In March, the UN mission chief in Iraq reported that armed groups in Ramadi had placed booby-traps in residential buildings and along roads, preventing displaced families from returning to their homes.
Human Rights Watch interviewed 42 Anbar residents, 35 of whom had been forced to flee their homes and 7 of whom had remained in Ramadi and Fallujah, as well as 4 government officials and representatives from 6 international humanitarian organizations working in Iraq. Human Rights Watch could not visit Anbar province due to the ongoing hostilities.

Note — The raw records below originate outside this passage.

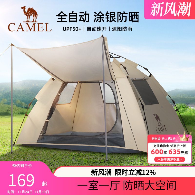 骆驼帐篷户外露营野营过夜便携式折叠全自动全套装备加厚黑胶新款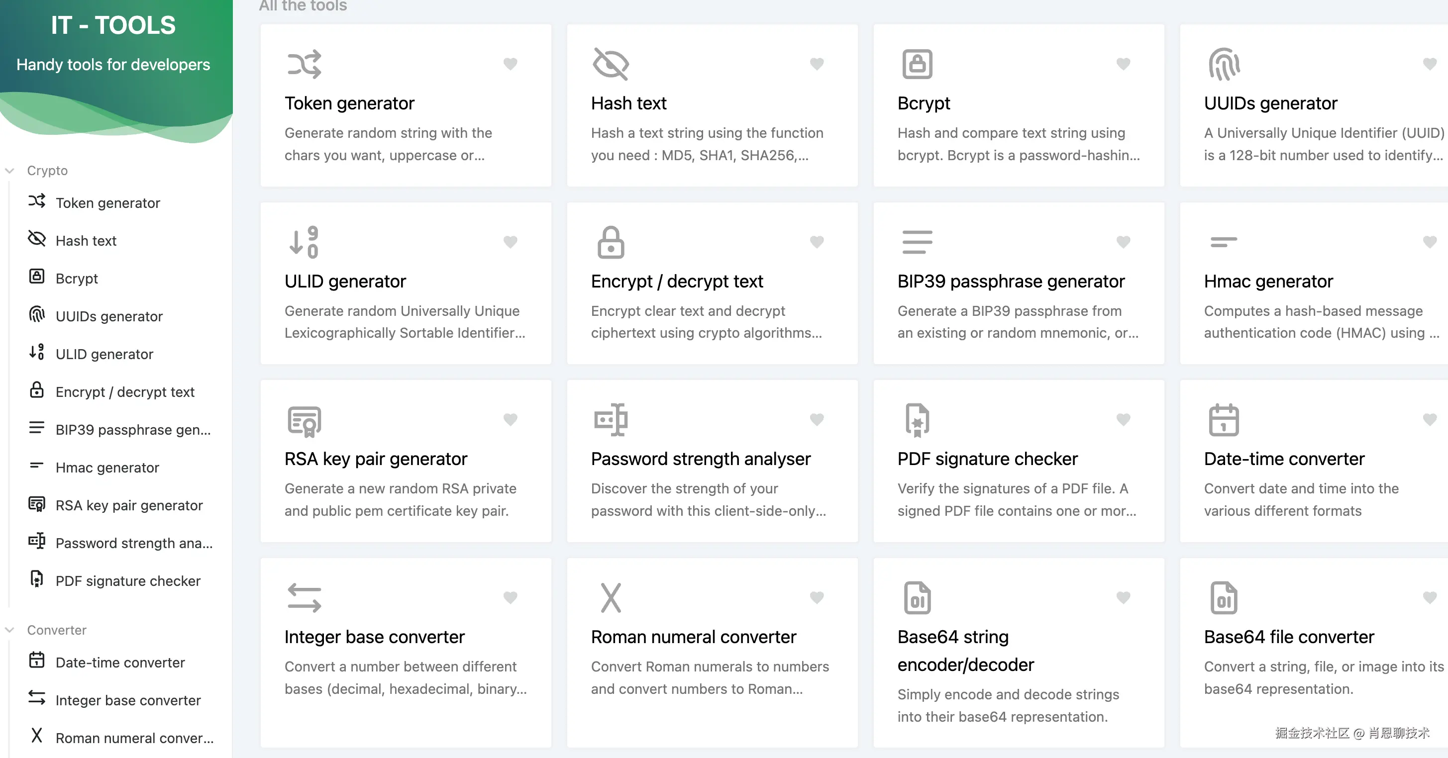 IT-Tools 是一个为开发者设计的多功能在线工具集,提供密码学、转换、编码、网络、数学、文本处理、数据解析等工具。这些工具旨在简化开发过程,提高效率,包括生成随机字符串、加密解密文本、转换数据格式、分析密码强度、验证PDF签名等。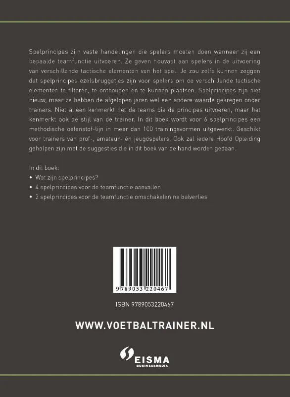 Spelprincipes zijn vaste handelingen die spelers moeten doen wanneer zij een bepaalde teamfunctie uitvoeren. Ze geven houvast aan spelers in de uitvoering van verschillende tactische elementen van het spel. Je zou zelfs kunnen zeggen dat spelprincipes ezelsbruggetjes zijn voor spelers om de verschillende tactische elementen te filteren, te onthouden en te kunnen plaatsen. Spelprincipes zijn niet nieuw, maar ze hebben de afgelopen jaren wel een andere waarde gekregen onder trainers. Niet alleen kenmerkt het de teams die de principes uitvoeren, maar het kenmerkt ook de stijl van de trainer. In dit boek wordt voor 6 spelprincipes een methodische oefenstof-lijn in meer dan 100 trainingsvormen uitgewerkt. Geschikt voor trainers van prof-, amateur- én jeugdspelers. Ook zal iedere Hoofd Opleiding geholpen zijn met de suggesties die in dit boek van de hand worden gedaan.
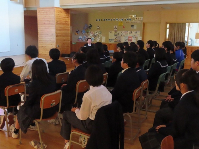 今日の5時間目に、北海道釧路方面中標津警察署 生活安全課長 村瀨寛之様を講師としてお迎えし、全校生徒を対象に「薬物乱用防止教室」を実施しました。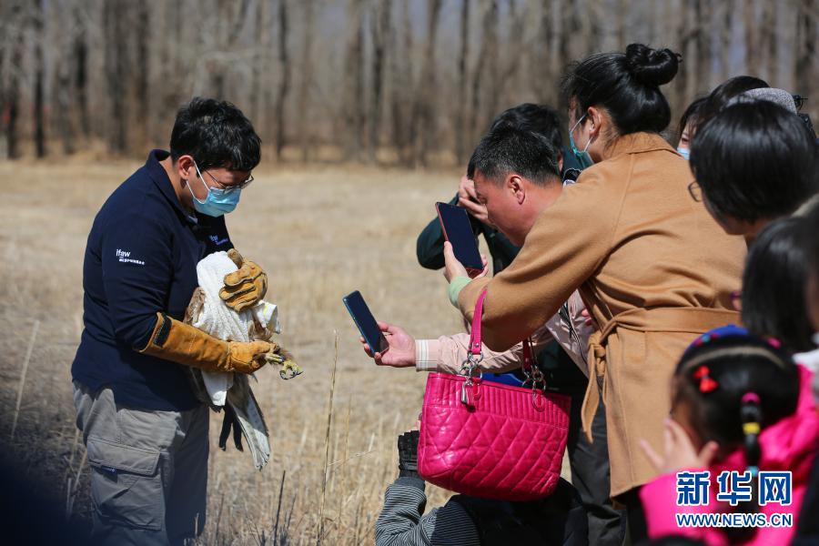3月20日,救助大鵟的市民朱海鶇(左二)在拍攝大鵟的環(huán)志。新華社記者 李京 攝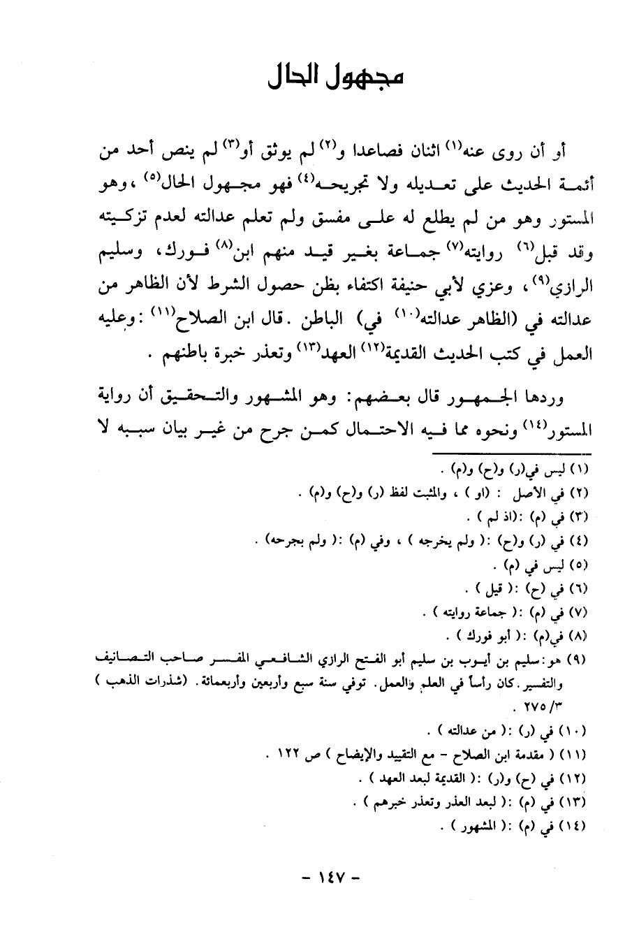 أَو أَن روى عَنهُ اثْنَان فَصَاعِدا وَلم يوثق أَو لم ينص أحد من أَئِمَّة الحَدِيث على تعديله وَلَا تجريحه فَهُوَ مَجْهُول الْحَال، وَهُوَ المستور وَهُوَ من لم يطلع لَهُ على مفسق وَلم تعلم عَدَالَته لعدم تزكيته وَقد قبل رِوَايَته جمَاعَة بِغَيْر قيد مِنْهُم ابْن فورك، وسليم الرَّازِيّ، وعزي لأبي حنيفَة اكْتِفَاء بِظَنّ حُصُول الشَّرْط لِأَن الظَّاهِر من عَدَالَته فِي (الظَّاهِر عَدَالَته فِي) الْبَاطِن. قَالَ ابْن الصّلاح: وَعَلِيهِ الْعَمَل فِي كتب الحَدِيث الْقَدِيمَة الْعَهْد وَتعذر خبْرَة باطنهم.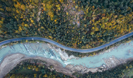 Mountain turquoise river, rocky banks aerial view. Drone shooting. Katun River, Altai
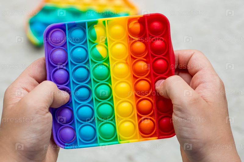 Ребенок с красочной поп-игрой. Антистресс. Снимок крупным планом детских рук, играющих с популярной поп-музыкой Это игрушка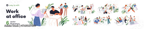 Office work life set. Employees, daily routine in corporate professional environment. Happy young colleagues communication in modern workplace. Flat vector illustration isolated on white background.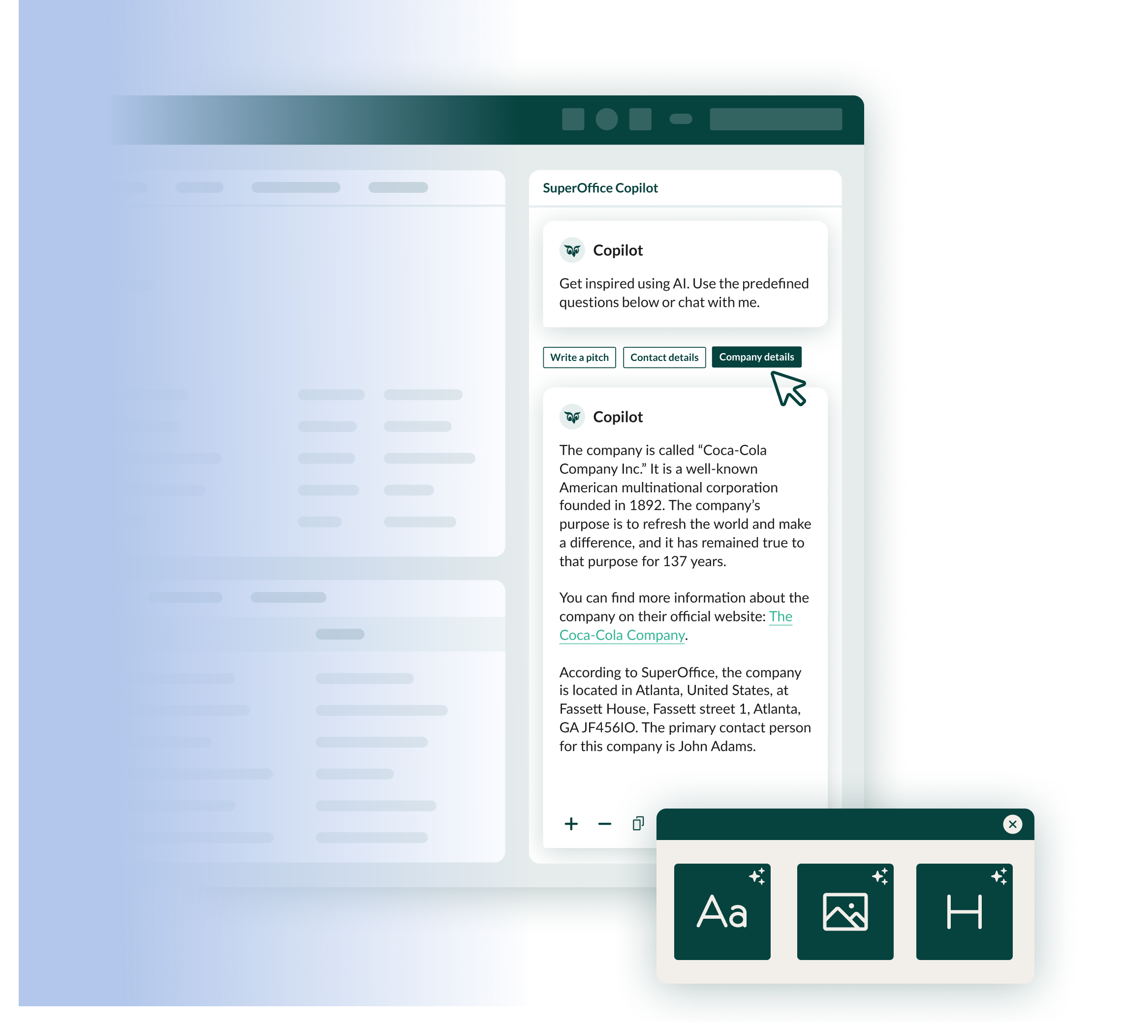 Få øjeblikkelige oversigter over indkomne tickets og din kalender. Få indsigt i hele dit CRM –system på få sekunder. Opret personaliserede tilbud, præsentationer og skræddersyede kampagnebilleder. Det har aldrig været nemmere at styrke hele din organisation til at opbygge bedre relationer – nu med hjælp fra AI i din SuperOffice CRM.

Human Rights Watch was unable to establish accurate casualty figures from the four months of fighting. On April 25, the director of Fallujah General Hospital told the media that the hospital had recorded the killing or wounding of 1,418 people since the start of the fighting, mostly from shelling of Fallujah’s residential neighborhoods. An employee of the hospital told Human Rights Watch on April 27 that the hospital had recorded 262 deaths since January, “most of them civilians.” Between 40 and 50 percent of those recorded by the hospital as having been killed were women and children, he said.
On March 27, the UN reported that the medical directorate for Anbar province had tallied the killings of 336 civilians and wounding of 1,562 civilians since the conflict began, and on May 1 announced that the Anbar Health Directorate reported 135 killed and 525 injured in Anbar in April, with 57 killed and 265 injured in Ramadi and 78 killed and 260 injured in Fallujah.
Anbar residents, medical professionals, and aid workers told Human Rights Watch that casualty figures are likely to be much higher because many people cannot reach hospitals due to the fighting. Some do not go to the hospitals because they fear harassment by government forces or government attacks on the hospitals, they said.
The UN has reported that “on at least one occasion” government shelling hit Fallujah General Hospital. The Fallujah hospital employee Human Rights Watch interviewed said government mortars and tank shells had hit the hospital a number of times since January, including the emergency room, intensive care unit, radiology department, and central air conditioning unit. He said that no one was killed in the attacks but that four Bangladeshi hospital staff, three Iraqi doctors, and some patients had been wounded. Human Rights Watch could not confirm the employee’s account but reviewed five photographs of what appeared to be a mortar lodged in the destroyed air conditioning unit.
The hospital employee said armed men he did not know guard the hospital compound and other institutions in Fallujah, but he had never seen them enter the hospital or use the grounds as a base. A doctor from the hospital interviewed in March, as well as Fallujah residents who have been in the hospital periodically over the past four months, also said they had not seen armed men inside the hospital.
Since early March, the army has closed all roads leading into Fallujah, except for a narrow footbridge from Saqlawiyya, a town to the northwest. One Fallujah resident said the government was also allowing foot traffic across a bridge to the south of Amiriyat al-Fallujah, but only for about one hour at a time.
The government should stop preventing people from fleeing the fighting in Anbar, and provide shelter, food, medical supplies, and other necessities to displaced people inside the province, Human Rights Watch said.
“Armed groups should be held accountable for what amount to crimes against humanity, but their crimes in no way excuse government forces punishing civilians in Sunni areas,” Stork said.